## Input and output buffers

By setting `C_SG_LENGTH_WIDTH`/`c_sg_length_width` to 22, 
the DMA IP is able to transfer a maximum of $2^{22}$ bytes.
This means we can transfer at most 1 million 32-bit integers.
In this example, we test 10000 integers. 

In [1]:
from time import time

num_data = 10000

We will reuse the same input buffer for both adders. The results are saved
into different output buffers.

In [2]:
import numpy as np
from pynq import Xlnk

xlnk = Xlnk()
in_buffer = xlnk.cma_array(shape=(num_data,), dtype=np.uint32, cacheable=1)
out_buffer0 = xlnk.cma_array(shape=(num_data,), dtype=np.uint32, cacheable=1)
out_buffer1 = xlnk.cma_array(shape=(num_data,), dtype=np.uint32, cacheable=1)

Now we populate the input buffer with some random integers.

In [3]:
for i in range(num_data):
    in_buffer[i] = (np.random.randint(0,15)<<4)+np.random.randint(0,15)

## 1. Adder using AXI Lite interface
![alt text](images/axi_adder.PNG)

In [4]:
from pynq import Overlay

ol_add = Overlay('add.bit')
adder_ip = ol_add.axi_adder_0

We create a thin wrapper to call the AXI adder.

In [5]:
def add_data():
    for i in range(len(in_buffer)):
        adder_ip.write(0x0, int(in_buffer[i]>>4))
        adder_ip.write(0x4, int(in_buffer[i]))
        out_buffer0[i] = adder_ip.read(0x8)
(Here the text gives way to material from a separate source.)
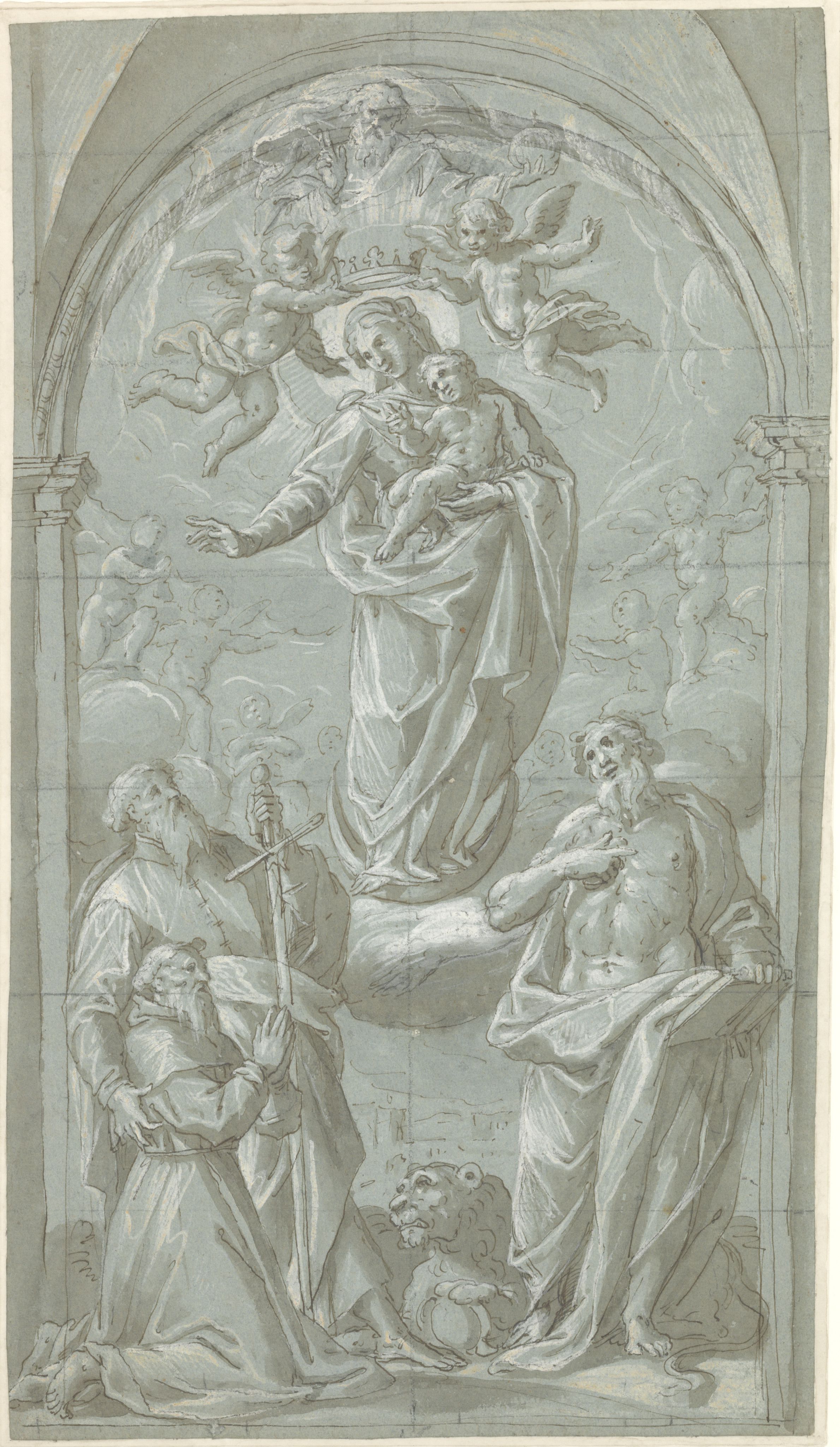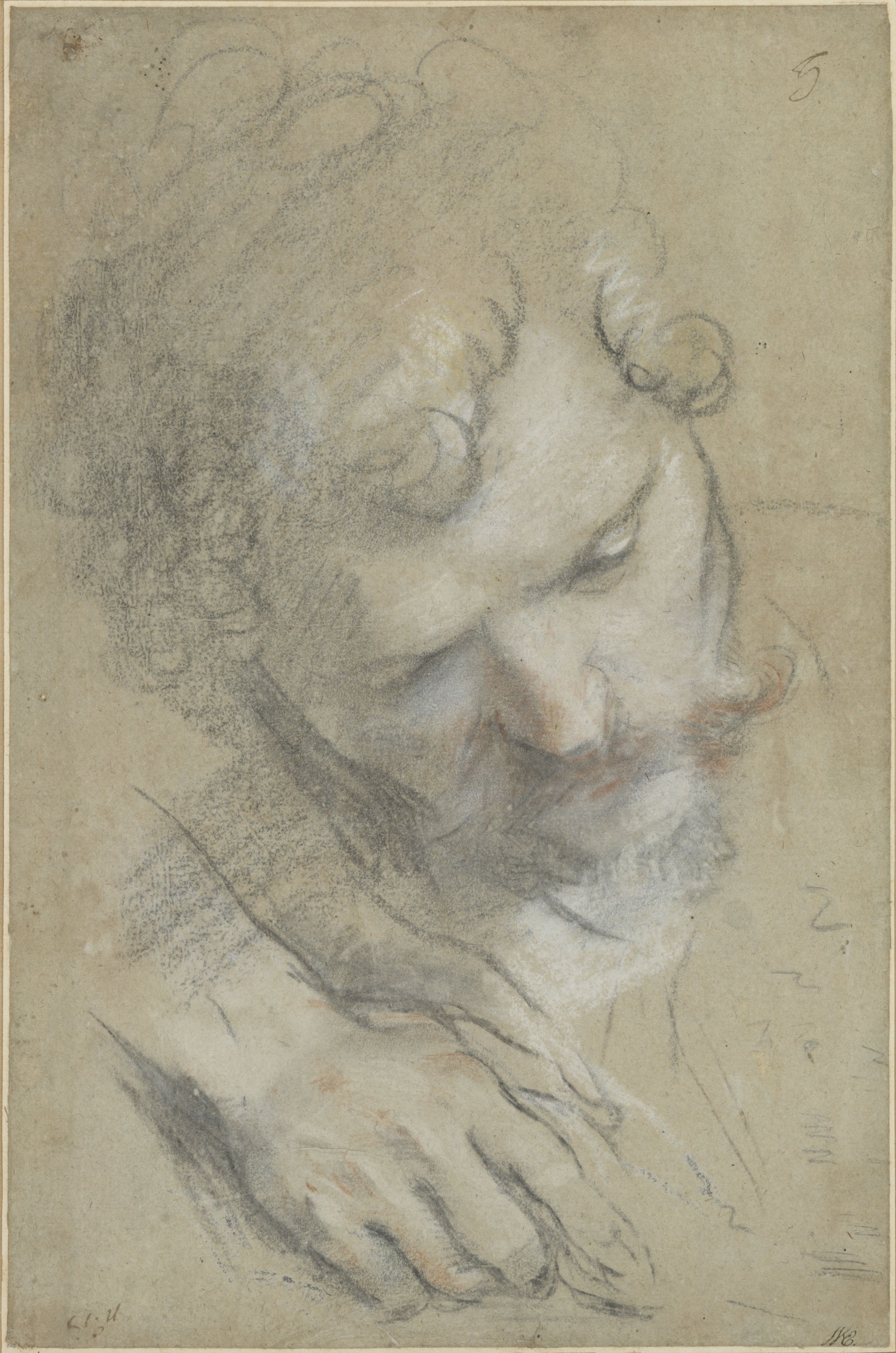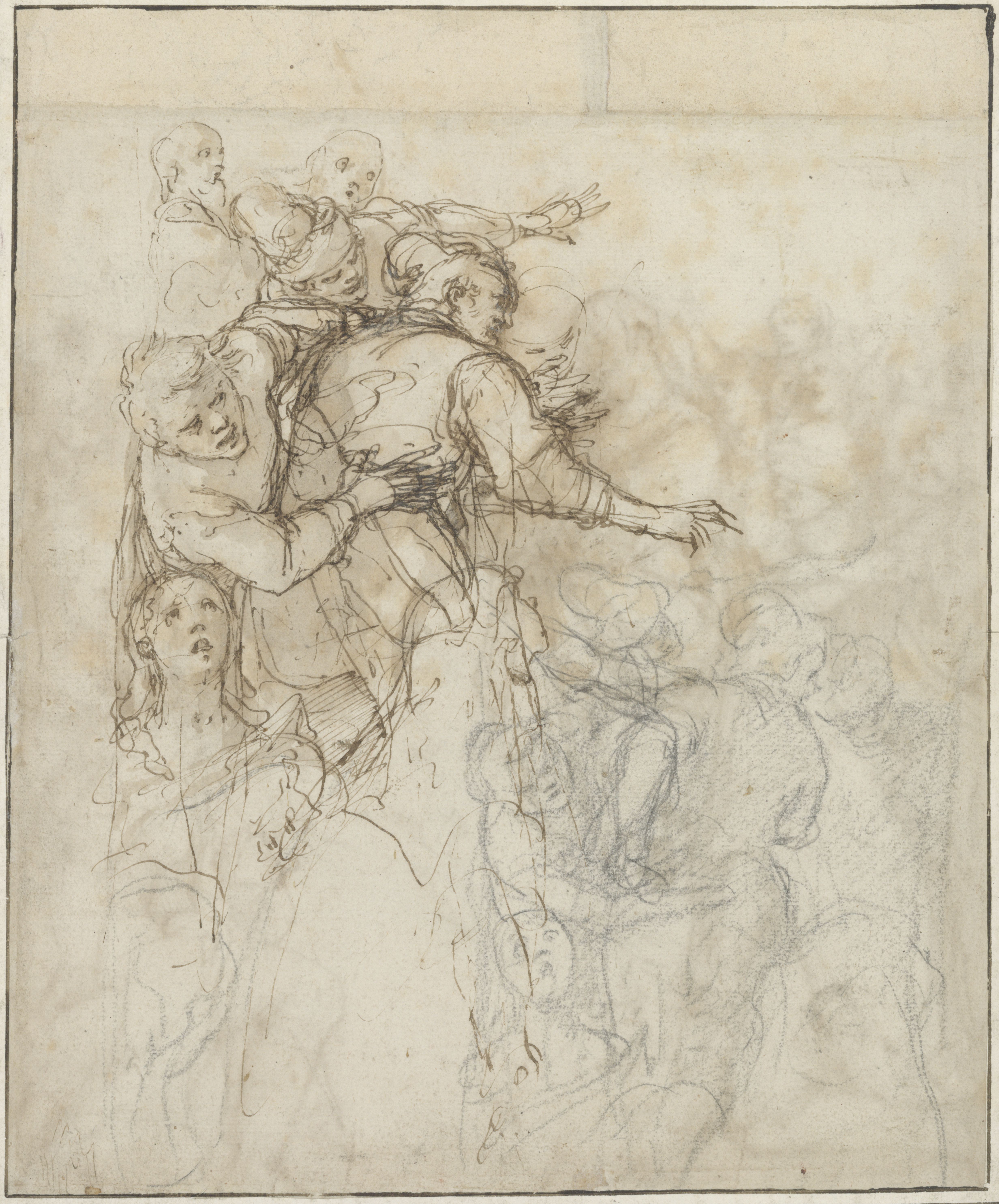 Home Online catalogues Studi & Schizzi Introduction It was in Florence, in the fifteenth century, that the earliest treatises on art came into being. In the following century, theorists such as Giorgio Vasari (1511-1574) were to assert the primacy of drawing, essential to the creative process as well as to the training of artists. In Italian, disegno referred both to the intellectual planning of a work of art (design) and to its execution (drawing). Federico Zuccari (c. 1540-1609) thus made the distinction between disegno interno, mental image, and disegno esterno, materialised image. The representation of the human form was a major preoccupation during the Renaissance and one of the constant themes of Italian art over the centuries. In their search for an ideal narrative through an image which, by its very nature, is immobile, painters were keen to represent their figures in eloquent proportions and poses. As the most immediate, spontaneous transcription of an artist’s inspiration, drawing permitted the exploration of a variety of formal solutions. From the first sketches – schizzi – rapidly set out on paper, to the finished studies – studi –, drawings provided valuable evidence of the evolution of the artist’s thought processes. In 1962, Frits Lugt characterised the act of drawing as an “involuntary confession”, through which we catch the painter unaware as they reflect. “We share his thoughts, we face his difficulties with him and we admire the way in which he manages to overcome them”. How should he define the position of the models and express the links that unite them? How should the figures be arranged in a space which corresponds to that of the projected work? How can the effects of light and shade be expressed on the figures? Thanks to the drawings from the collection of the Fondation Custodia, this exhibition invites visitors to examine the works closely and to spot the clues that reveal the experiments and intentions of the Italian masters. I. Studying the Human Figure The human figure has always occupied a place of special importance in the mind of artists. During the Renaissance, when man was placed at the centre of the world by the Humanists, the representation of the human form was a major focus of artistic creation. Artists endeavoured to understand the way the body moved and functioned in order to give the protagonists in their works the most realistic and expressive character possible. The artistic treatises and academies which developed in Italy in the sixteenth century promoted the study of the human form from life, in other words, based on the observation of a live model, and this became a central workshop practice. Drawing each figure in isolation was one of the preliminary stages in the conception of a painting as much as it was an exercise for training the eye and the hand. Pentimenti, the doubling of lines, reworking and variations to all or part of a body, juxtaposed on the same support or repeated from one sheet to the other, were all signs of the draughtsman’s struggle to perfect the anatomy and to experiment with the expressive qualities of an attitude or a movement. Schizzo (i): dicono i Pittori quei leggerissimi tocchi di penna o matita, con i quali accennano i lor concetti senza dar perfezzione alle parti; il che dicono schizzare Sketch (es): the name given by painters to the very light strokes of a pen or pencil by means of which they express their ideas, without perfecting the details; they call this sketching Studio (i): termine de’ Pittori, e Scultori, col quale denominano tutti i disegni o modelli, cavati dal naturale, co’ quali si preparano a far le loro opere; poichè mediante questi, che essi chiamano studi, vengono a determinare, e perfezionare l’Idea di quella cosa, che vogliono, o con pennello, o con scarpello, rappresentare in pittura o scultura Study (ies): term used by painters and sculptors to describe the drawings or models taken from nature, with which they prepare to create their works; by means of what they name studies they are able to define and improve on the Idea of what they wish to represent, with paint brush or chisel, in painting or sculpture Filippo Baldinucci, Vocabolario Toscano dell’Arte del Disegno, Florence, 1681 1. Federico Barocci Head of a Bearded Man, Inclined to Left, and Study of his Hand, 1590’s 2. Filippino Lippi Three Studies of a Young Man Wearing a Cloak 3. Mariotto Albertinelli Eight Studies of Naked Children 4. Giovanni Francesco Barbieri, called Guercino Five Studies for the Magdalen, circa 1620 5. Andrea del Sarto Studies for the Head, Torso and Right Arm of a Boy, circa 1526 6. Federico Barocci Two Studies of a Kneeling Man, circa 1605-1608 7. Federico Barocci Two Studies of Female Figures and a Drapery, between 1575 and 1579 8. Baccio Bandinelli Bust-Portrait of a Young Woman, Looking Down. Verso: Portrait of the Same Model, Looking over her Right Shoulder 9. Federico Zuccari Two Studies of a Head: Vincenzo Borghini, circa 1575-1579 10. Giovanni Francesco Barbieri, called Guercino Two Studies for the Head of the Virgin Mary, circa 1654 11. Anonymous Italian, end of the 16th century Allegory of Charity (?) 12. Francesco Salviati Study of a Draped Female Figure: Salome, before 1541 13. Giuseppe Cesari, called il Cavalier d’Arpino Persian Sibyl, circa 1593-1595 14. Ludovico Carracci A Monk Seated with a Book 15. Jacopo Chimenti, called Jacopo da Empoli A Monk Kneeling, in Profile to the Left: Saint Francis, circa 1590 16. Francesco Curradi Study of a Bearded Man Seated, in Profile to Left 17. Andrea del Sarto Study of a Child in his Mother’s Arms, between 1524 and 1526 18. Bartolomeo Schedoni A Seated Child, circa 1610 19. Carlo Maratti Study of a Naked Child, Looking down to Right, circa 1687 20. Carlo Maratti Study of a Child, in Profile to Left, circa 1680 21. Jacopo dal Ponte, called Jacopo Bassano or Carlo Caliari Study of the Back of a Nude Man 22. Annibale Carracci St

To verify the results, you can run something similar to:
```python
for i in range(10):
    adder_ip.write(0x0, i)
    adder_ip.write(0x4, i)
    print(adder_ip.read(0x8))
```

In the following cell, let us record the time when performing 10000 additions.

In [6]:
t1 = time()
add_data()
t2 = time()
t_add = t2-t1

## 2. Adder using AXI Stream interface
![alt text](images/axis_adder.PNG)

In [7]:
from pynq import Overlay

ol_adds = Overlay('adds.bit')
dma_ip = ol_adds.axi_dma_0

Similar as the AXI adder, we create a thin wrapper to call the AXIS adder.

In [8]:
def adds_data():
    dma_ip.sendchannel.transfer(in_buffer)
    dma_ip.recvchannel.transfer(out_buffer1)
    dma_ip.sendchannel.wait()
    dma_ip.recvchannel.wait()

You can use the following code to test the IP as well.
```python
for i in range(10):
    in_buffer[i] = (i<<4)+i+1

adds_data()

for i in range(10):
    print(out_buffer1[i])
```

Let us record the time when performing 10000 additions.

In [9]:
t1 = time()
adds_data()
t2 = time()
t_adds = t2-t1

## Performance comparison
We will compare the results stored in the two output buffers.
Also, we can compare the performance.

You can see in the following cell, the adder based on AXIS interfaces
achieves much better performance.

In [10]:
for i in range(num_data):
    assert out_buffer0[i] == out_buffer1[i], \
        f'unmatched data: {out_buffer0[i]}!={out_buffer1[i]} '\
        f'for {i}-th input {in_buffer[i]}.'

print('time used for axi lite adder: {}'.format(t_add))
print('time used for axi stream adder: {}'.format(t_adds))

time used for axi lite adder: 1.8603198528289795
time used for axi stream adder: 0.003721952438354492


Free the memory at the end.

In [11]:
xlnk.xlnk_reset()

Hope you enjoy this example! Have a good day!